EUROPLANET2024 Research Infrastructure
Grant agreement no: 871149
This work is licensed under a Creative Commons Attribution-ShareAlike 4.0 International License
Digital Object Identifiers for VESPA
Start date of project: 01 February 2020
Duration: 48 Months
Responsible WP Leader: Stéphane Erard
Project co-funded by the European Union's Horizon 2024 research and innovation programme
Restricted to other programme participants (including the Commission Service)
Restricted to a group specified by the consortium (including the Commission Services)
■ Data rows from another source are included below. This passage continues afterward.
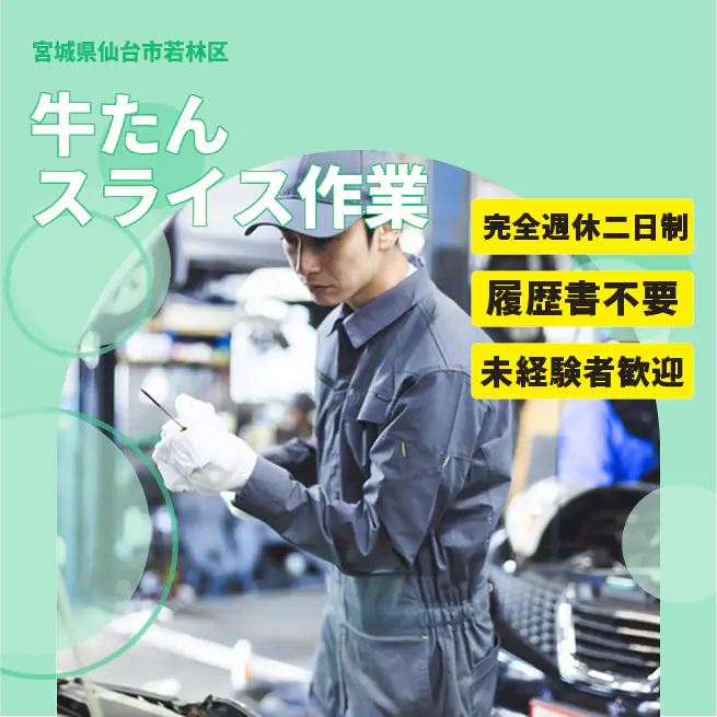 安心の週休二日【牛たんスライス作業】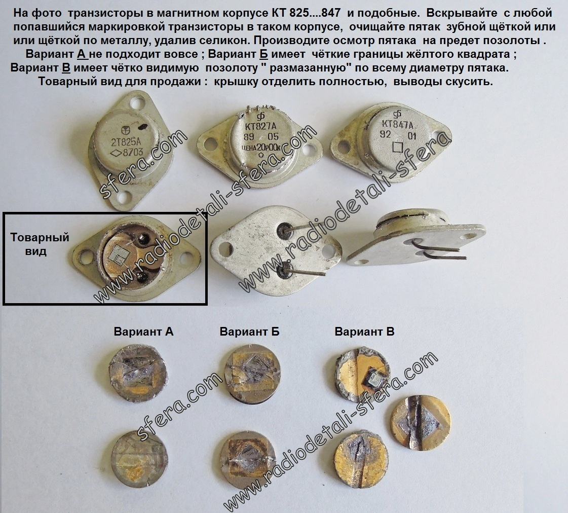 Транзисторы, в отличии от других элементов электронной техники, очень разнообразны и характеризуются большими отличиями в содержании золота и формы его нанесения. Наиболее ответственные типы транзисторов (например, высокочастотные) имеют позолоченный корпус не только внутри, но и снаружи. Остальные типы имеют позолоченные изнутри корпуса и подложки под кристаллом кремния из корунда, нержавеющей стали и стекла. Колпачки транзисторов из никеля чаще всего не содержат золота. В качестве лома драгоценных металлов транзисторы представлены двумя основными группами: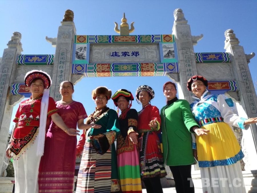 圖為鄭家莊村民身著民族服裝在村口合影 供圖:鄭家莊村民小組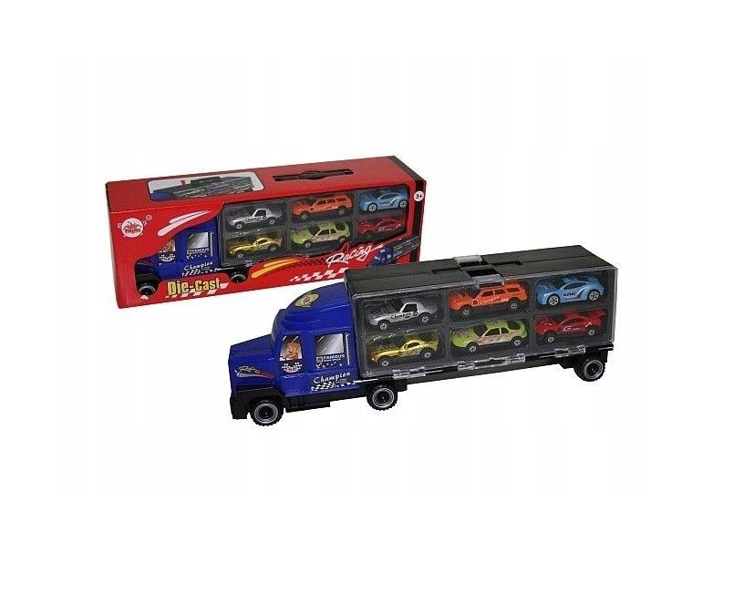 Metalowa laweta na 6 samochodzików. Zestaw zawiera samochodziki.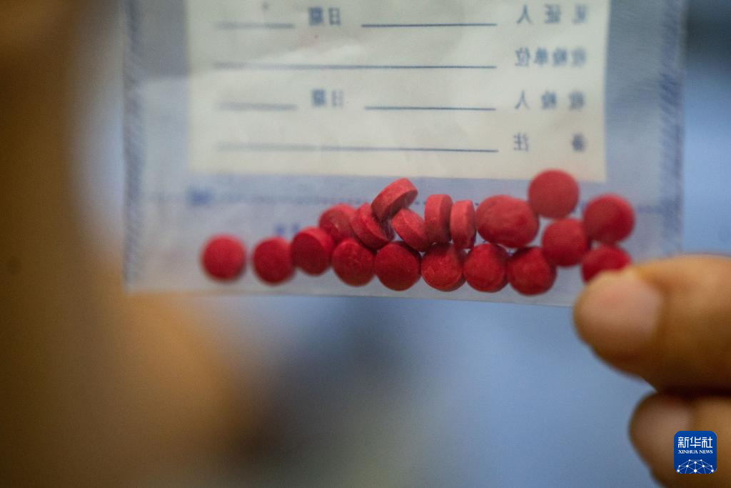 7月13日,尹銘燕展示最近破獲的一起特大販賣運輸毒品案中繳獲的226.7公斤冰毒中的部分樣品。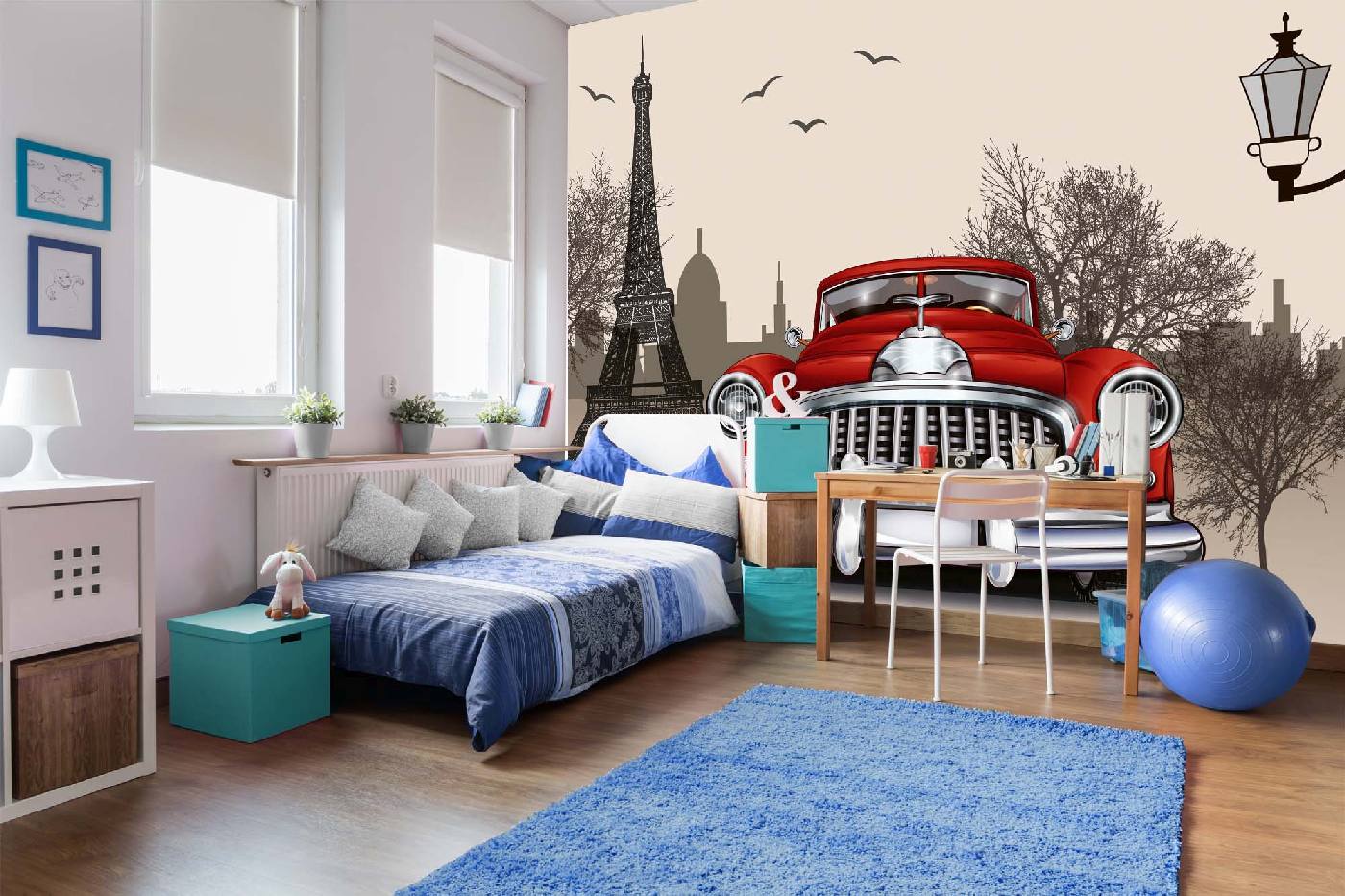 Vlies Fototapete - Retro Auto in Paris 375 x 250 cm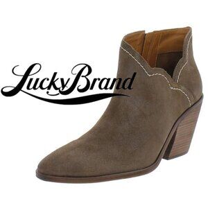 NEW LUCKY BRAND Brown Lakelyy Almond Toe Stacked Heel Leather Booties Size 9M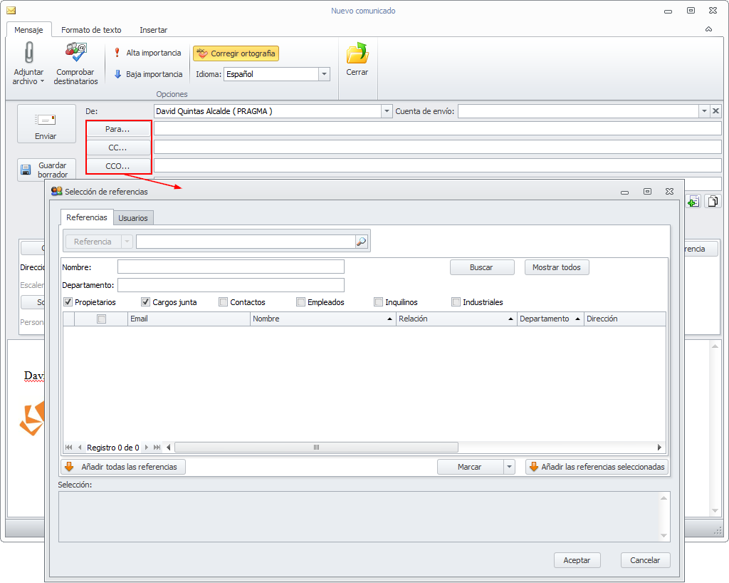 El formulario Selección de referencias se muestra al hacer clic en los botones Para, CC y CCO de un nuevo comunicado.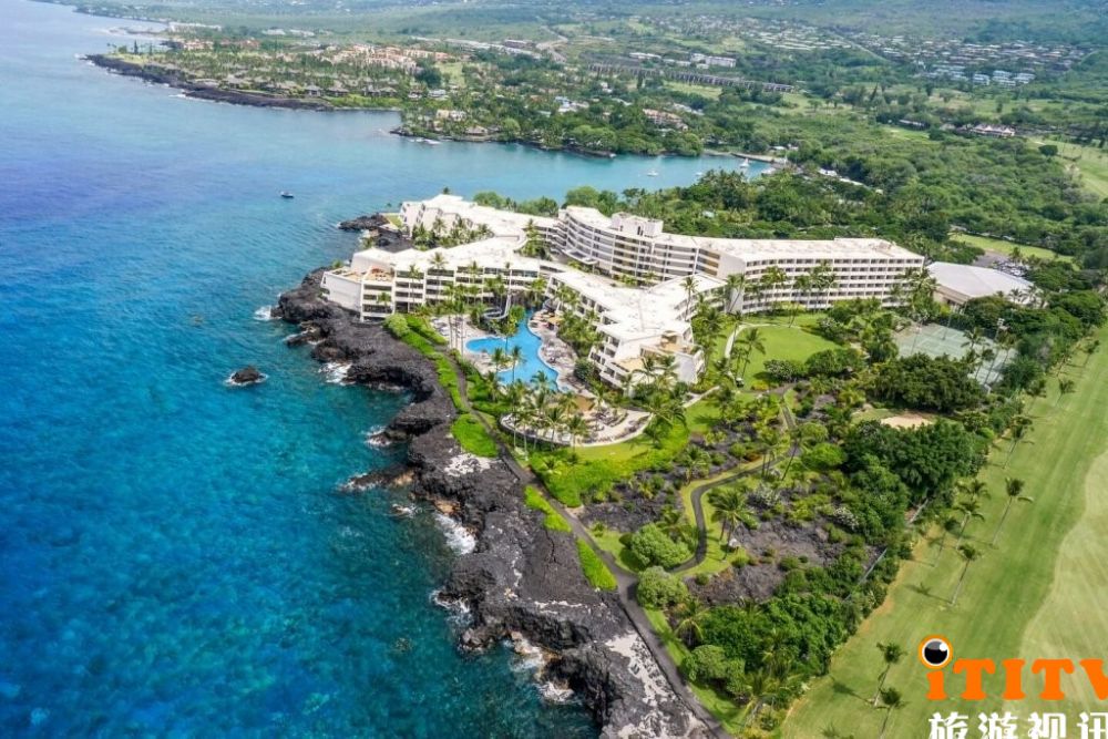 栖居于22英亩繁茂苍翠中的度假酒店傲立于引人注目的火山岩海崖之上,拥有509间客房和套房、水疗中心、婚礼教堂、夏威夷传统文化中心、健身中心、儿童俱乐部、海滨泳池、百变水滑梯及两间餐厅和四处室内会议场所——其中一处为科纳海岸最大的大型会议中心,面积约1万平尺。绿松石般晶莹的海水环绕其间,这里也成为了世界上为数不多的可与蝠鲼嬉戏的天堂之境。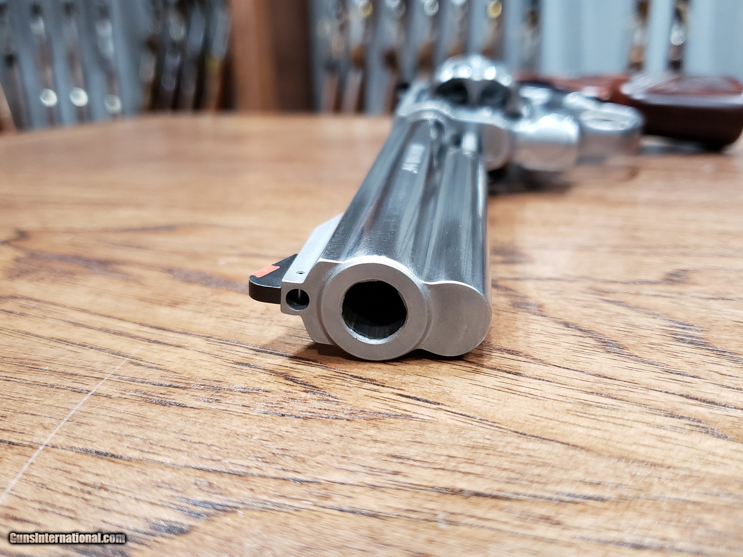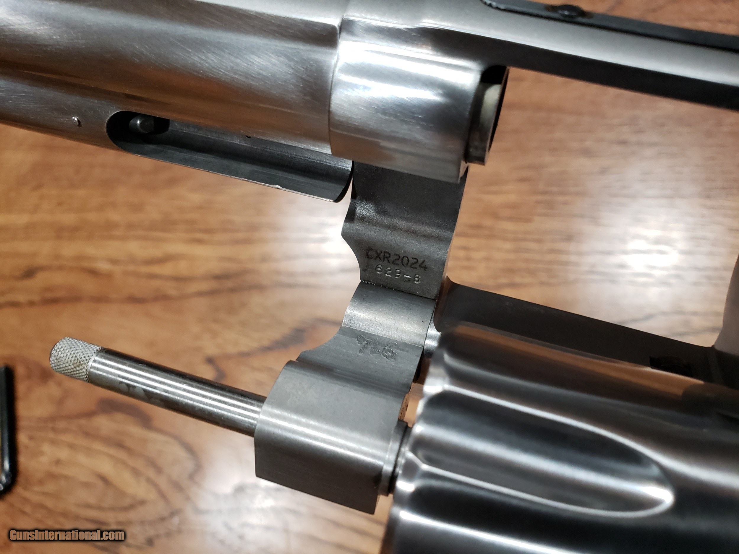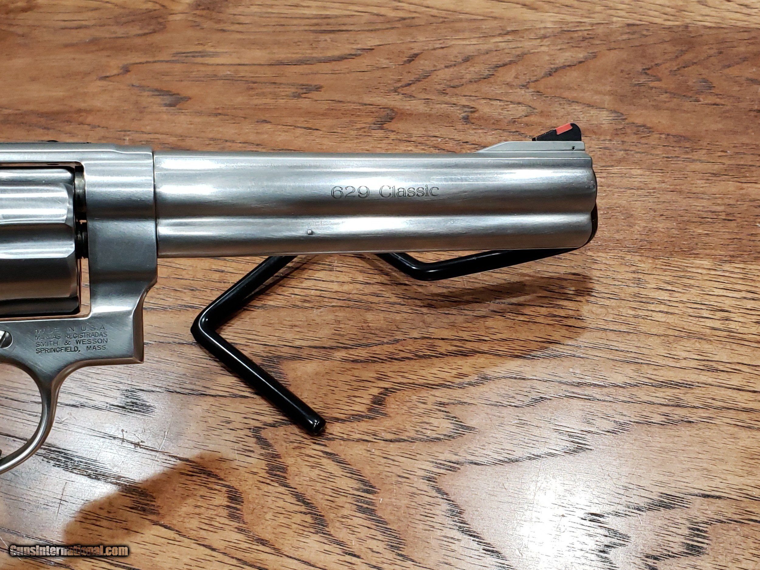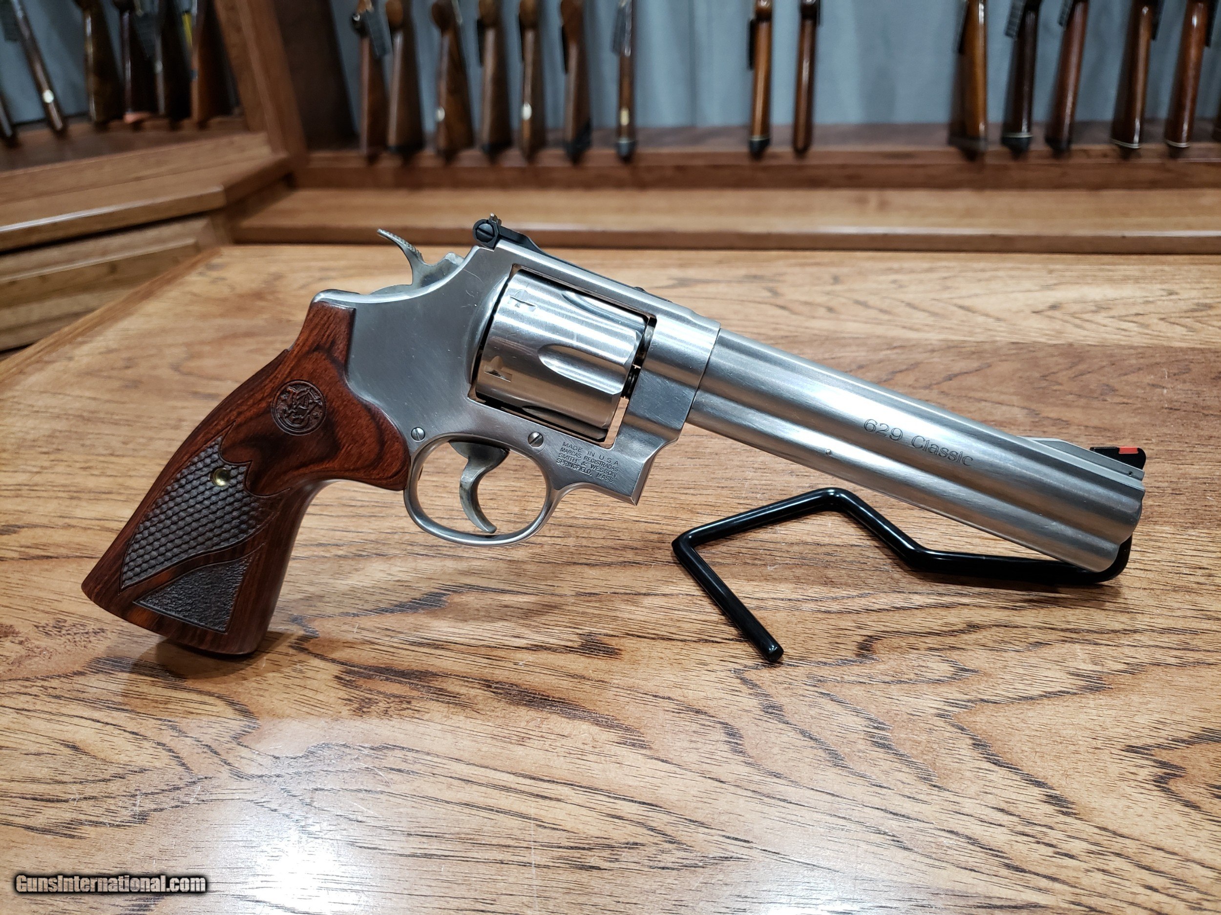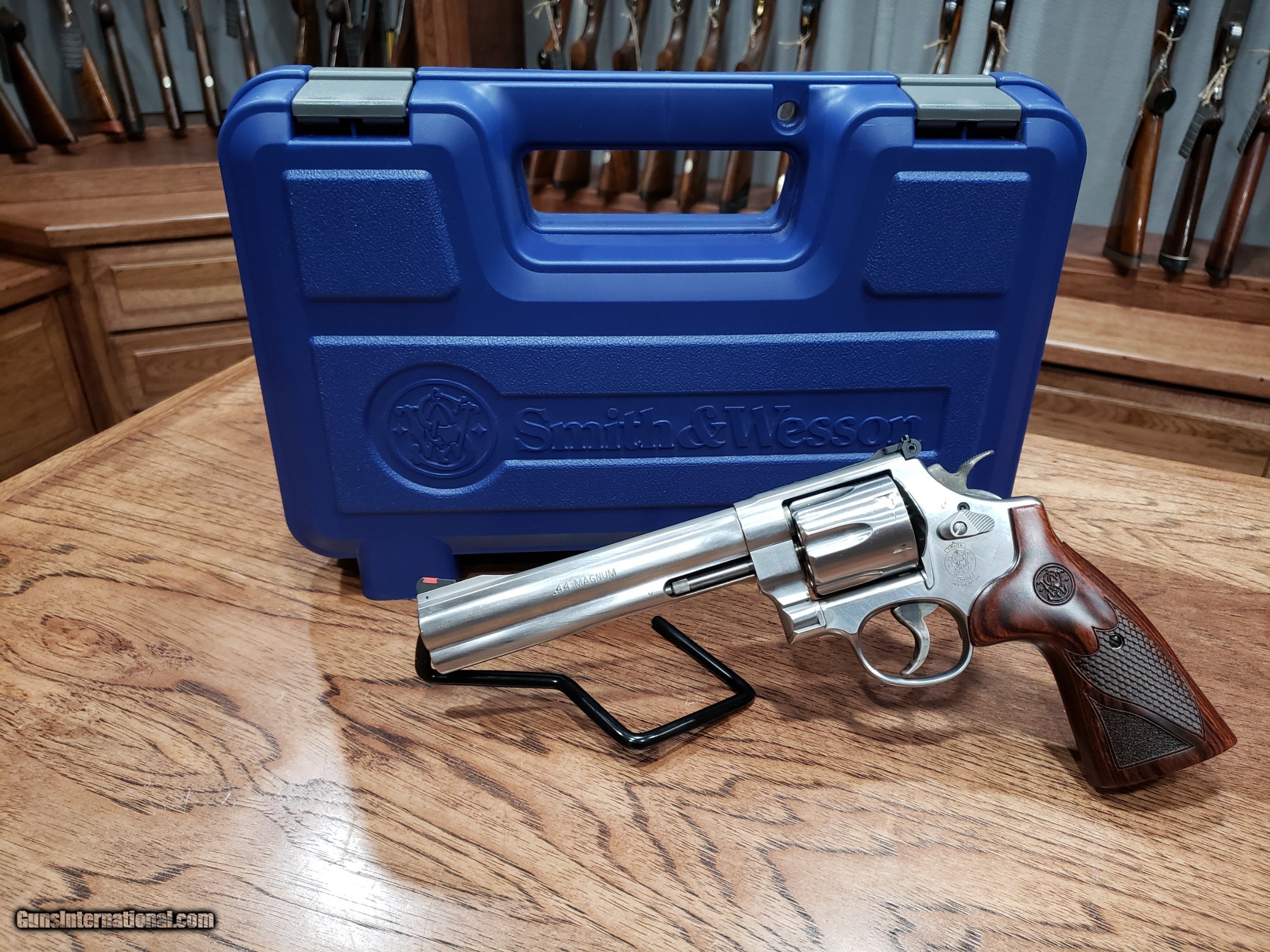 Description: Smith & Wesson 629-6 Stainless 44 Magnum Revolver 6.5" Lightly used S&W 629-6 chambered in .44 Mag with a 6-1/2" barrel, stainless finish, and wood grips. The bore is bright and shiny with distinct rifling. Cylinder has a very faint turn line and locks up tight. Action is crisp and smooth. Grips are excellent. The stainless finish looks great and only has a few tiny, light scratches. Included with the gun: original S&W plastic case, lock, owner's manual, factory test-fire casing, keys for hammer lock, and various literature.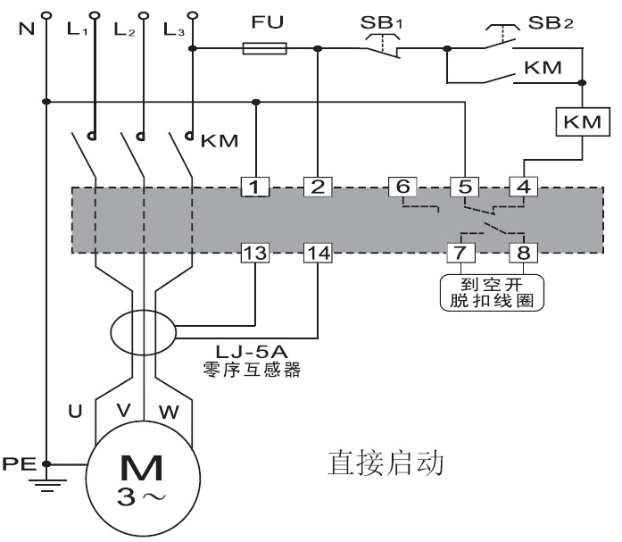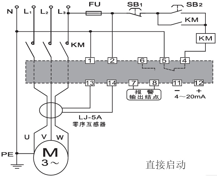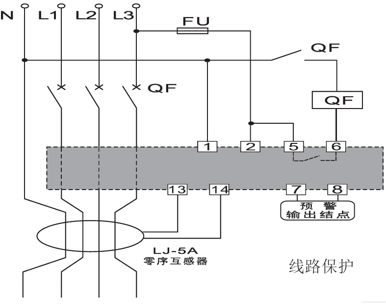 2、保護(hù)裝置的工作電源應(yīng)接在控制回路上,并注意標(biāo)稱電壓與實(shí)際電壓相符合。

Confidential, only for members of the consortium (excluding the Commission Services)
EPN2024 - RI
48 months: 01 February 2020 – 31 January 2024
Title of Document
Digital Object Identifiers for VESPA
Contributing Work package (s)
Abstract: This document describes the use of Digital Object Identifiers (DOI) within the VESPA activity.
Document history (to be deleted before submission to Commission)
Added ROR entries for VESPA participants
Added ORCID examples
More details on metadata recommendation
|Added reference to PDS-SBN DataCite notes|
|Added section on Landing Page|
added reference to RDA FAIR data maturity model indicators, and added REC-DOI-02 (renumbered the recommendations)
|Added other identifiers|
Digital Object Identifiers (DOI) are persistent identifiers managed by a Registration Agency (RA), such as Datacite . Persistent identifiers allows long term traceability, identification and citation of online resources. We propose to use DOIs for VESPA documents, data collections and software. This document presents the guidelines for the use of DOIs within VESPA.
In this document, we consider the DOI implementation and metadata as managed by Datacite.
A DOI is persistent and so is the metadata stored by the RA. Data centres using DOIs are registered with an RA and commit to keep a landing page for each DOI. This landing page provides either access to the object, or up-to-date information about the object. The landing page URL is stored in the RA database, and may be updated as often as necessary by the data centre.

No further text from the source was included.